- Origin: North Carolina, U.S.
- Genres: Old time
- Website: redclayramblers.com

= Red Clay Ramblers =

US musical group

The Red Clay Ramblers are a North Carolina–based band founded in Durham, North Carolina, performing continuously since their formation in 1972. The current touring band has been together since 1987, with Jack Herrick (trumpet, bass), Bland Simpson (piano), Clay Buckner (fiddle), and Chris Frank (guitar). The original members included Mike Craver (guitar) Tommy Thompson (banjo), Bill Hicks (fiddle), and Jim Watson (mandolin, bass).

==Career==
Mike Craver joined Red Clay Ramblers in 1973, and recorded with them on their first record, which was released by Folkways under the title The Red Clay Ramblers with Fiddlin' Al McCanless. The quartet continued their recording career with Stolen Love on the Flying Fish label, recorded in 1974 and released in 1975 during their successful run in "Diamond Studs." Jack Herrick joined the band in 1976 as a bass and trumpet player. The band recorded, concertized and performed in theatrical productions, most notably Diamond Studs (Bland Simpson/Jim Wann) off-Broadway in 1975. Their 1977 recording, Merchants Lunch, described a trucker's disastrous visit to a Nashville diner. (The diner still exists at the same location, but has been renamed the "Merchant's Restaurant").

The recordings produced by the Red Clay Ramblers during their first decade include Stolen Love, Twisted Laurel, Merchants Lunch, Meeting in the Air, Chuckin' the Frizz, and Hard Times, all on the Flying Fish label, and all available as CDs through Rounder Records. The first decade of the Ramblers also produced album-collaborations with other musicians, including Debby McClatchy in 1976 and Si Kahn in 1981. Chuckin' the Frizz is noteworthy as a live album. Meeting is an album of all Carter Family songs featuring the singing of Tommy Thompson, Mike Craver, and Jim Watson.
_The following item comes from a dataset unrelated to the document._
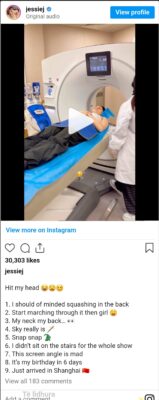 Pavarësisht situatës, Jessie J zgjodhi transparencën me publikun, duke ndarë momentet e saj më të brishta në rrjetet sociale. Me një përzierje humori dhe sinqeriteti, ajo shkruan: “Hit my head 😂😩🥴”, ndërsa rendit me ironi detaje nga momenti, një mënyrë për të lehtësuar tensionin dhe për të mbajtur lidhjen me fansat e saj.
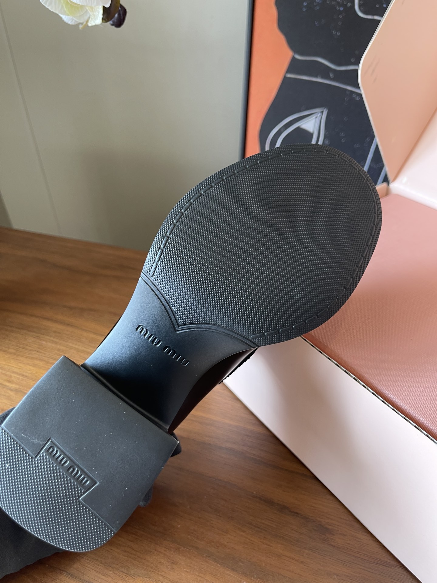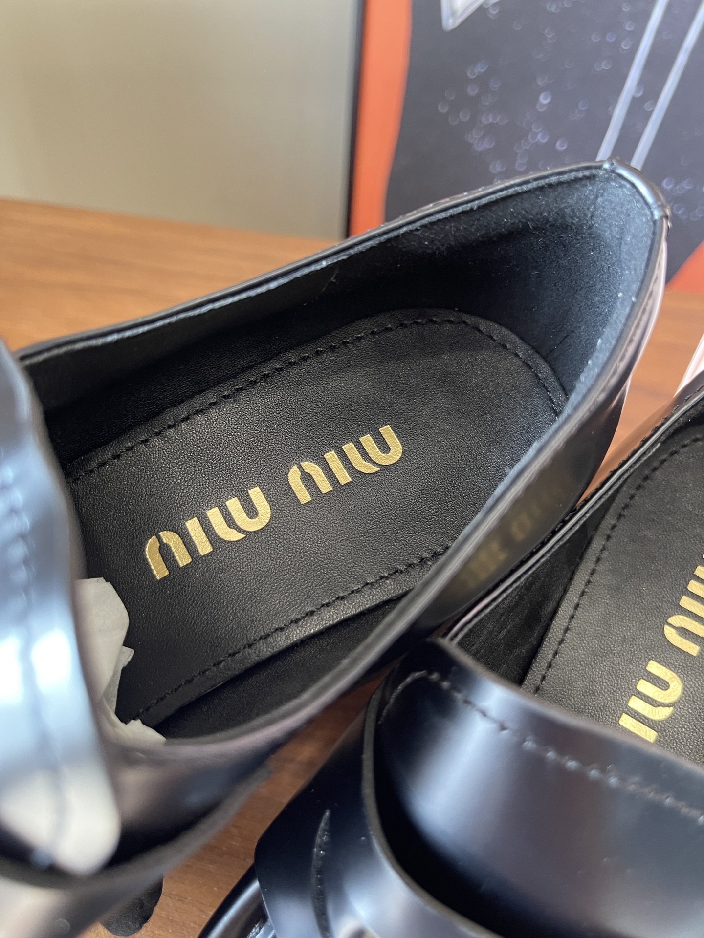这款鞋子是AAAAA 1:1 质量 (非常棒). 使用了和原版一模一样的材料. 商标部分也保持了和缪缪/Miu Miu一样. 图片拍摄是实物鞋子拍摄, 您所收到的实物保证和我们图片一模一样.

These early albums featured several writing collaborations by Mike Craver and Tommy Thompson, the most "famous" of which are "Merchants Lunch" and "The Ace." Debby McClatchy recorded Hicks' most infamous original composition, "You Were Only F**king, While I Was Making Love."

Fiddler Clay Buckner joined the band when fiddler Bill Hicks left the band in 1981. The Red Clay Ramblers continued to perform steadily, including an Off-Broadway production of Sam Shepard's Lie of the Mind in 1985–86. Following that production the personnel of the group changed, with Shawn Colvin and Bland Simpson replacing Watson and Craver. Colvin left the band August 1987, replaced by Chris Frank on guitar-accordion-tuba.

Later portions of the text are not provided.